4-28-12
Then do I even want to change at all?
Because if you change you have to be willing yet I haven't seen change at all and I've so surly tried. So maybe I don't really want it.
It's so destructive. Why don't I want it. Just like McKenna said "my problem is me. I can't be alone with me." but my problem is also certain people.
I just wish things would change. I wish I was strong enough to change. To break the bond. To be free. To love God.
It seems all like an act. It was just an excuse I had. A cover up? A title. A label. A reason.
Yet I know I'll love my husband more than anything. But sometimes I'm scared it's a drug and ill relapse and go back.
I've got an identity problem. I don't know who I am. You compare me and Kim. We're not so different. Maybe that was a choice I didn't know I was making. But the damage is done.
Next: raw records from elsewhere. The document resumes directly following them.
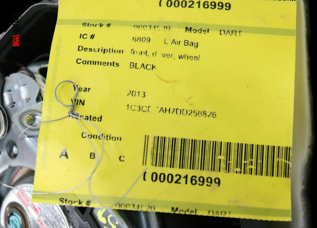 2013-2016 Dodge Dart Driver Side Steering Wheel Air Bag Black 34520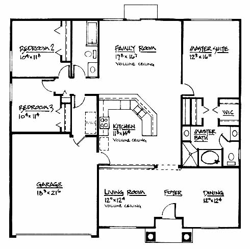 This home has living and dining rooms on either side of the foyer entrance. The kitchen nearby has ample counterspace for preparing meals while overlooking the family room with volume ceiling. The master suite includes a walk-in closet and master bath with dual vanities, tub and separate shower. Two more bedrooms share a bath.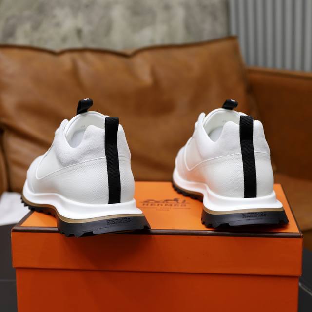 / 出厂价Pp: Hermes 爱马仕 Leader运动鞋! 多色拼接高科技斜纹、小牛皮和麂皮山羊皮运动鞋。轻盈几何鞋底,打造时尚都市造型。 产品详情: 白色和橙色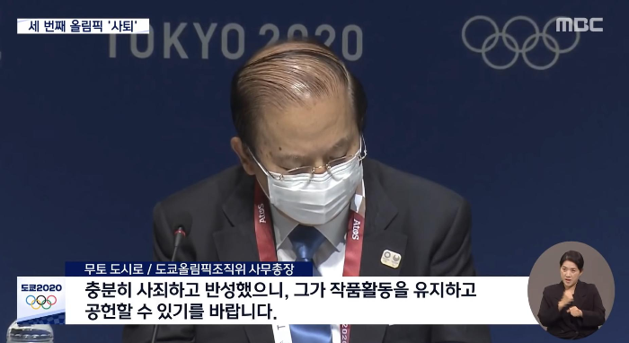 예술팀 총감독이었던 사사키 히로시 총감독은 일본 인기 탤런트인 와타나베 나오미를 '올림 핏 구' 돼지로 변신시키자는 내용의 개막식 연출안을 팀 내 메신저에 공유해 여성 외모 비하 발언으로 사의를 표했습니다.

The pain is inflicted. The trust broken. The line crossed. And I can't ever get that back.
I want to save people because I can't seem to save myself.
I want to draw because all the best ones do.
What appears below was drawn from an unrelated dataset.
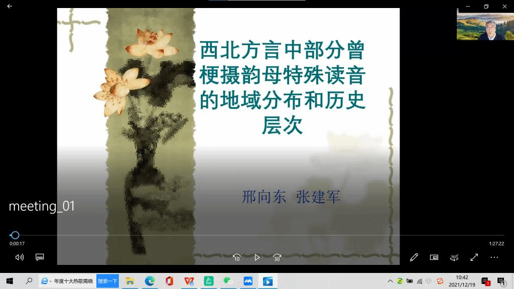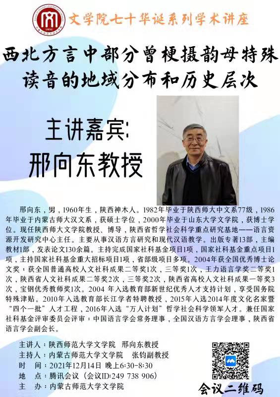 12月14日晚,陕西师范大学beat365官网网页版邢向东教授应邀为beat365官网师生作了题为“西北方言中部分曾梗摄韵母特殊读音的地域分布和历史层次”的线上讲座。邢向东教授1986年在beat365官网(当时为汉文系)获硕士学位,并在汉语言文学系工作多年。邢向东教授是beat365官网网页版七十华诞系列学术讲座的特邀校友嘉宾。讲座通过“腾讯会议”平台进行,由张钧副院长主持。

I want to write because words mean more.
I want to make music because it moves.
I want to make movies because we relate.
I want to save because He first did, but I want the praise.
I just wish I knew what was real or fake. What was love and what was lust. What I wanted and what I needed. I'll lie to my self till I die. I just don't know how to differentiate between "heart and head" between "hurt and healing". I can't tell the difference and that's gotta change. But if I learn I think it'll hurt. And if it hurts I know it's gotta be real.